Penting bagi ahli dermatologi dalam pelatihan untuk menyadari bahwa variasi dan
ambiguitas dalam definisi istilah morfologis ada di antara komunitas dermatologi. Misalnya,
dalam buku teks dermatologi, sebuah papula telah dideskripsikan memiliki ukuran tidak lebih
dari 1 cm, tidak kurang dari 0,5 cm, atau mulai dari ukuran kepala jepit hingga ukuran kacang
polong. Dalam bab ini, penulis telah memilih definisi yang mengurangi subjektivitas yang
melekat dalam beberapa kerangka morfologis.
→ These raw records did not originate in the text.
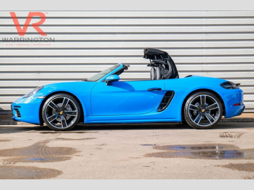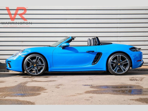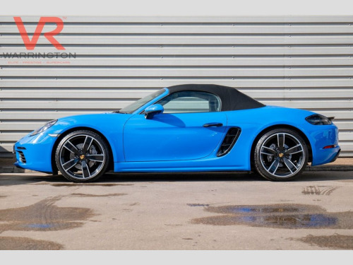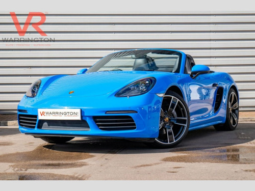 Here at VR EPS Warrington, we are pleased to offer this stunning VAT Qualifying 2022 - 72 plate - Porsche 718 Boxster 2.0T Convertible 2dr PETROL PDK finished in Shark Blue with Black Interior. This vehicle has manufacturers warranty until 26/10/2025 and has had a fully cleared Porsche health check on 09/09/2025. First registered in October 2022, this vehicle comes with... Bluetooth Phone and Media Connectivity | Navigation System | SD Card and SIM Compatibility | Front and Rear Parking Sensors | Heated Seats | BOSE Sound System with Sound Enhancement Options | Sport Mode | CD Player | Automatic Headlights | Electronic Foldable Mirrors | Automatic Stop/Start | Traction Control | Retractable Rear Spoiler | USB Compatibility | 20" Diamond Cut Alloys | Full-Colour Porsche Crest in Wheel Centres | Factory extras worth £12,340 20in Alloy Wheels - Carrera Sport £2,268 718 Logo Painted - High Gloss Black £105 Door Handles Painted in Black - High-Gloss £84 Electrically Folding Exterior Mirrors £210 Exterior Package Painted £918 Rear Side Air Intake Grilles Painted £329 Rear Wing Painted in Black - High-Gloss £245 Sports Tailpipes - Black £380 Wheels Painted in High Gloss Black £842 GT Sports Steering Wheel £194 Bi-Xenon Main Headlights including Porsche Dynamic Light System - PDLS £1,002 BOSE Surround Sound System £834 Leather with Leather Interior - Black £2,261 PASM - Porsche Active Suspens Leather with Leather Interior - Black, Bi-Xenon Main Headlights including Porsc, 20in Alloy Wheels - Carrera Sport, Exterior Package Painted, Door Handles Painted in Black - High-Glo, Wheels Painted in High Gloss Black, Sports Tailpipes - Black, Rear Side Air Intake Grilles Painted, GT Sports Steering Wheel, BOSE Surround Sound System, PASM - Porsche Active Suspension Managem, Leather - Black, Rear Wing Painted in Black - High-Gloss, Electrically Folding Exterior Mirrors, 718 Logo Painted - High Gloss Black, Shark Blue, 12-Volt Sockets in Passenger Footwell an, 18in Alloy Wheels - Boxster, 718 Logo on Gear lever, Adjustable Fan with Air Recirculation an, Air Conditioning with Integrated Acti
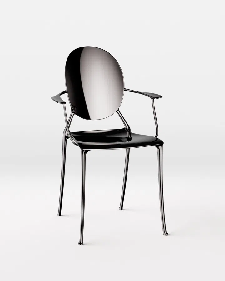 The Medallion chair (a design easily identified by its oval back shape) has been a fixture in Dior's history since its founder's days, and the house regularly invites designers to put their own spin on this classic piece. The latest collaborator is none other than design luminary Philippe Starck, who has re-made the chair in a thin, spindly version, of which there are three playful variations – armless, with one arm and two arms.
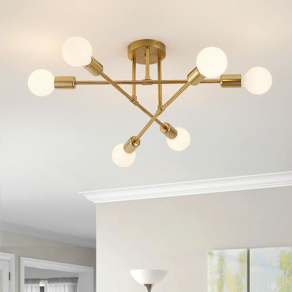 LÁMPARA DE TECHO SEMI-EMPOTRADA TIPO SPUTNIK DORADA 6 LUCES. - $40
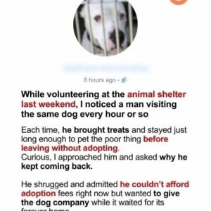 While volunteering at the animal shelter last weekend, I noticed a man visiting the same dog every hour or so. Each time, he brought treats and stayed…
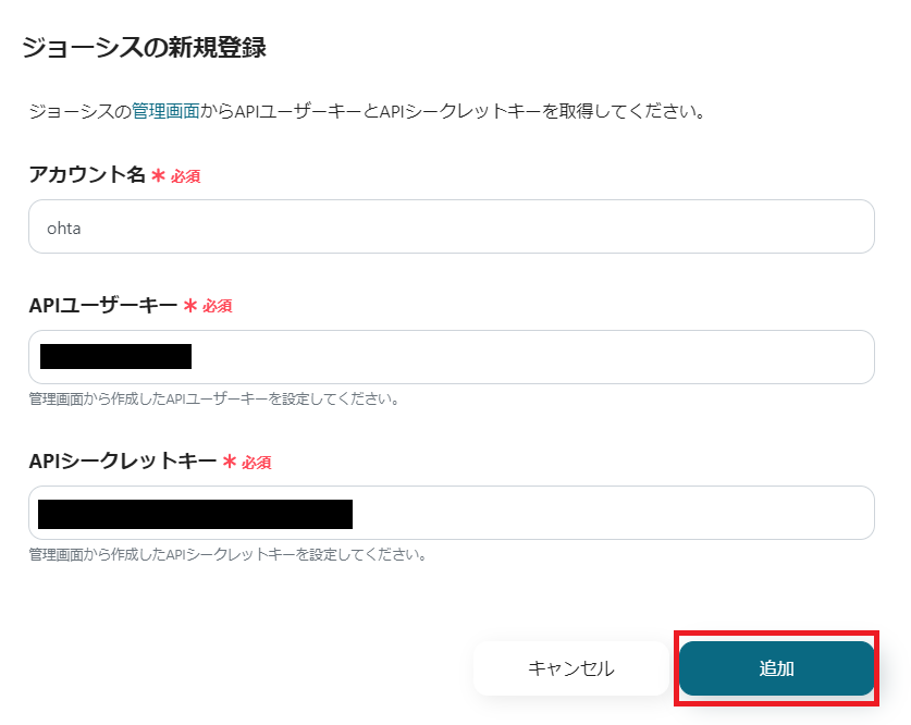 APIユーザーキーとAPIシークレットキーのペーストが完了したら追加を押して、ジョーシスとYoomの連携が完了です!
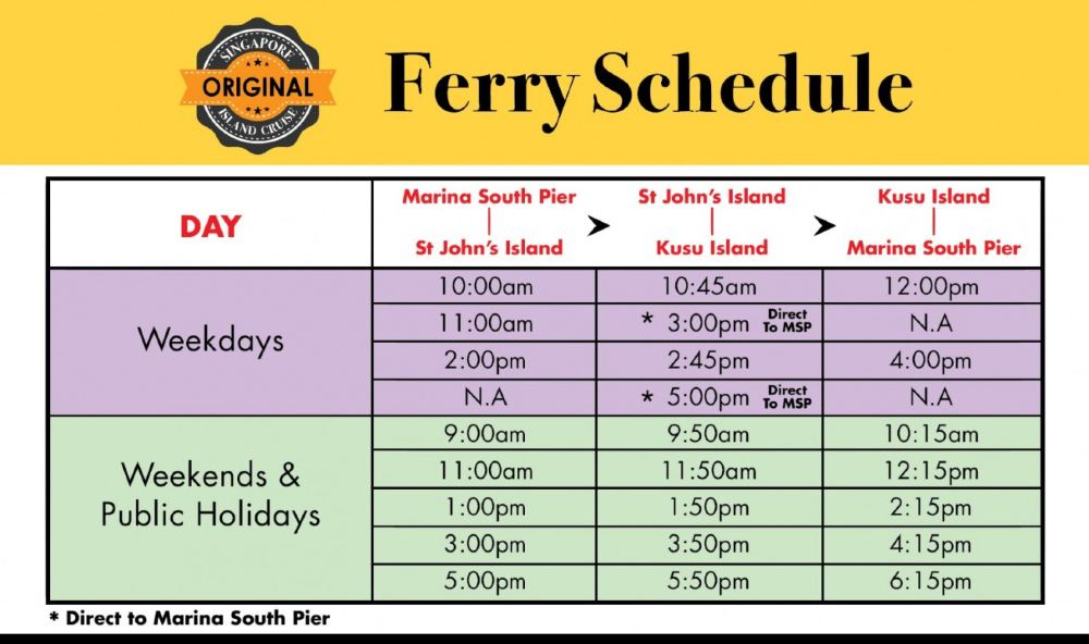 - 渡輪每日營運。請瀏覽 https://www.islandcruise.com.sg 查看渡輪時間表。
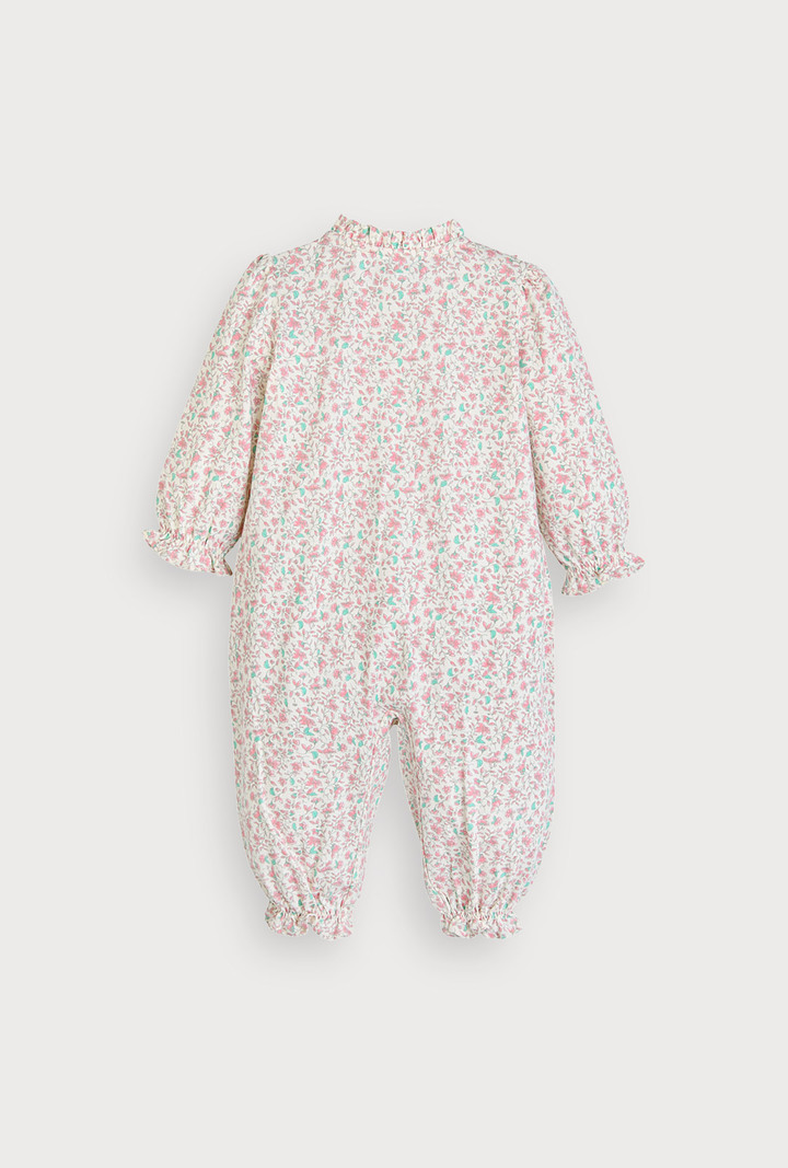 로맨틱한 디테일: 화이트 레이스와 프릴 포인트가 돋보이는 사랑스러운 우주복 디자인

MORFOLOGI/EFLORESENSI PRIMER
Morfologi primer menggambarkan 3
karakteristik lesi: ukuran, topografi, dan karakter
isi (Tabel 1-3). Morfologi primer harus menjadi
"kata benda" yang dijelaskan oleh semua "kata
sifat" lainnya (seperti warna, bentuk, ukuran,
tekstur). Makula atau belang yang tidak teraba
(hanya berubah warna) dan lesi yang timbul atau
tertekan yang teraba adalah papula atau plak. Erosi
dan ulserasi mungkin primer atau sekunder.
Patch
Patch, sama seperti makula, adalah area dengan
permukaan datar/rata dari kulit atau membran mukosa
dengan warna berbeda dari sekitarnya. Patches
berukuran 1 cm atau lebih besar.
Plak
Plak adalah peninggian/elevasi seperti dataran tinggi atau cekungan/depresi solid yang
memiliki diameter > 1 cm .
Nodul
Nodul adalah lesi yang teraba lebih besar dari 1 cm dengan bentuk kubah, bulat atau
oval. Dapat padat atau kistik. Bergantung pada komponen anatomi utama yang terlibat, nodul
terdiri dari 5 jenis utama: (1) epidermal, (2) epidermal-
dermal, (3) dermal, (4) dermal subdermal, dan (5)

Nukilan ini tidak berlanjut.